___ The data ___

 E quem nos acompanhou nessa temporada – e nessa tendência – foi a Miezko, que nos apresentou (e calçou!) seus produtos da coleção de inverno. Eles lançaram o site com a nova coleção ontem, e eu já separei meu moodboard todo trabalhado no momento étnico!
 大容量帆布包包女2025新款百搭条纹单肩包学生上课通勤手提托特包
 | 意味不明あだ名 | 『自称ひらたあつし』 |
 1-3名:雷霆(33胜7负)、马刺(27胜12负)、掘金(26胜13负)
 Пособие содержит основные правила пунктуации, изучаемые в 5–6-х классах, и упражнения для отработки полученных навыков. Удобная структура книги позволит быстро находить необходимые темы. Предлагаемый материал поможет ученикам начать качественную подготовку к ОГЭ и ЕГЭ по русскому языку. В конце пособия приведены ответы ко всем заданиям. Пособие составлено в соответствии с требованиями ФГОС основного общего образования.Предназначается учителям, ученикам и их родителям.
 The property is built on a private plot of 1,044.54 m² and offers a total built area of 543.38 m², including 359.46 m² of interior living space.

___
___ The data ___

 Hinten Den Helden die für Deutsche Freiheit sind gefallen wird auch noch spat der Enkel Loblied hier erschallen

___
___ The data ___

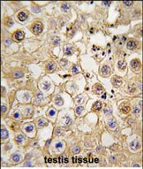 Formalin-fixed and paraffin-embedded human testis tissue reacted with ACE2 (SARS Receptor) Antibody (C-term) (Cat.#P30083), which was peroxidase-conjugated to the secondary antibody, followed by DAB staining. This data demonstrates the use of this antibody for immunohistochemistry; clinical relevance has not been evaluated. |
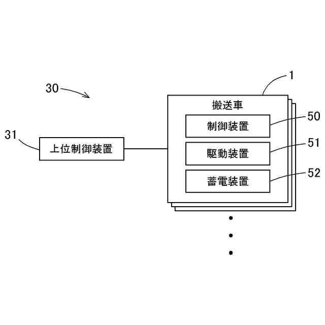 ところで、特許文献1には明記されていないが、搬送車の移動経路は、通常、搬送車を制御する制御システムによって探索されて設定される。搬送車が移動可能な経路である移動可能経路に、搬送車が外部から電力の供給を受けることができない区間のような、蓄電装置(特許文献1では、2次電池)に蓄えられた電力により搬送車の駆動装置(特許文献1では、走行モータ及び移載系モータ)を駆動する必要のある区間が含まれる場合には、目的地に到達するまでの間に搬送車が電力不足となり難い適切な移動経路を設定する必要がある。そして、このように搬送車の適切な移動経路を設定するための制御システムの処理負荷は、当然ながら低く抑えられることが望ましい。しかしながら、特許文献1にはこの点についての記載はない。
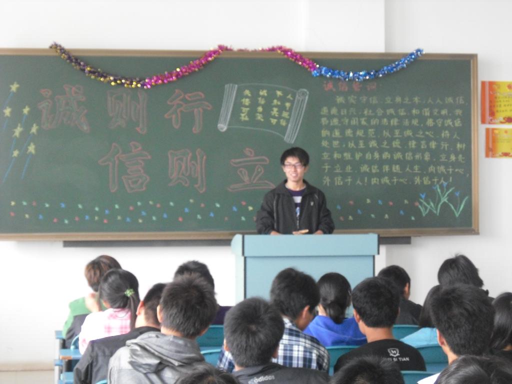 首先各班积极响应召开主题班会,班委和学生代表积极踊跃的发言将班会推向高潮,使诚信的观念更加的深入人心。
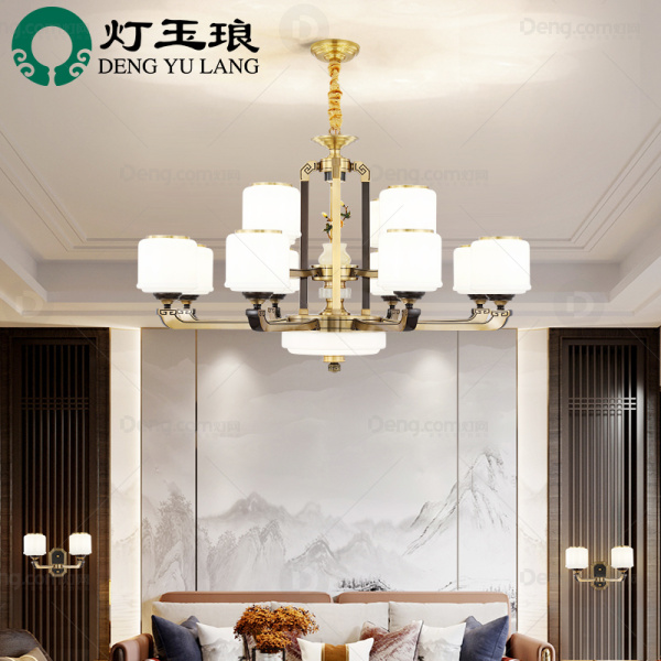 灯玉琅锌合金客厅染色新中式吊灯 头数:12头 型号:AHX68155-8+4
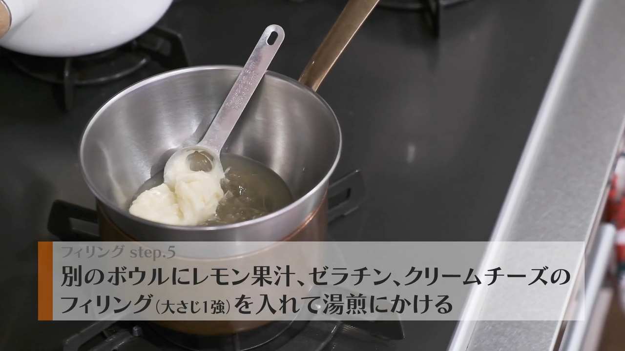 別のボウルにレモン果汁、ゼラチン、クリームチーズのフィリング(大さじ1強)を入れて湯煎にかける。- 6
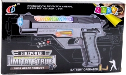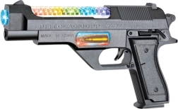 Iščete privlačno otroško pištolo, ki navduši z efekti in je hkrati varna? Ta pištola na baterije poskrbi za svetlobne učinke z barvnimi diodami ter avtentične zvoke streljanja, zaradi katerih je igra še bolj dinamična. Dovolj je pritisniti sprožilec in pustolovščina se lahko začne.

___

Your objective — Take the stretch of lines above from the one containing "E quem nos acompanhou" through the one containing "Пособие содержит основные" and repeat it exactly, adding no other line.

Output of the exercise —
 E quem nos acompanhou nessa temporada – e nessa tendência – foi a Miezko, que nos apresentou (e calçou!) seus produtos da coleção de inverno. Eles lançaram o site com a nova coleção ontem, e eu já separei meu moodboard todo trabalhado no momento étnico!
 大容量帆布包包女2025新款百搭条纹单肩包学生上课通勤手提托特包
 | 意味不明あだ名 | 『自称ひらたあつし』 |
 1-3名:雷霆(33胜7负)、马刺(27胜12负)、掘金(26胜13负)
 Пособие содержит основные правила пунктуации, изучаемые в 5–6-х классах, и упражнения для отработки полученных навыков. Удобная структура книги позволит быстро находить необходимые темы. Предлагаемый материал поможет ученикам начать качественную подготовку к ОГЭ и ЕГЭ по русскому языку. В конце пособия приведены ответы ко всем заданиям. Пособие составлено в соответствии с требованиями ФГОС основного общего образования.Предназначается учителям, ученикам и их родителям.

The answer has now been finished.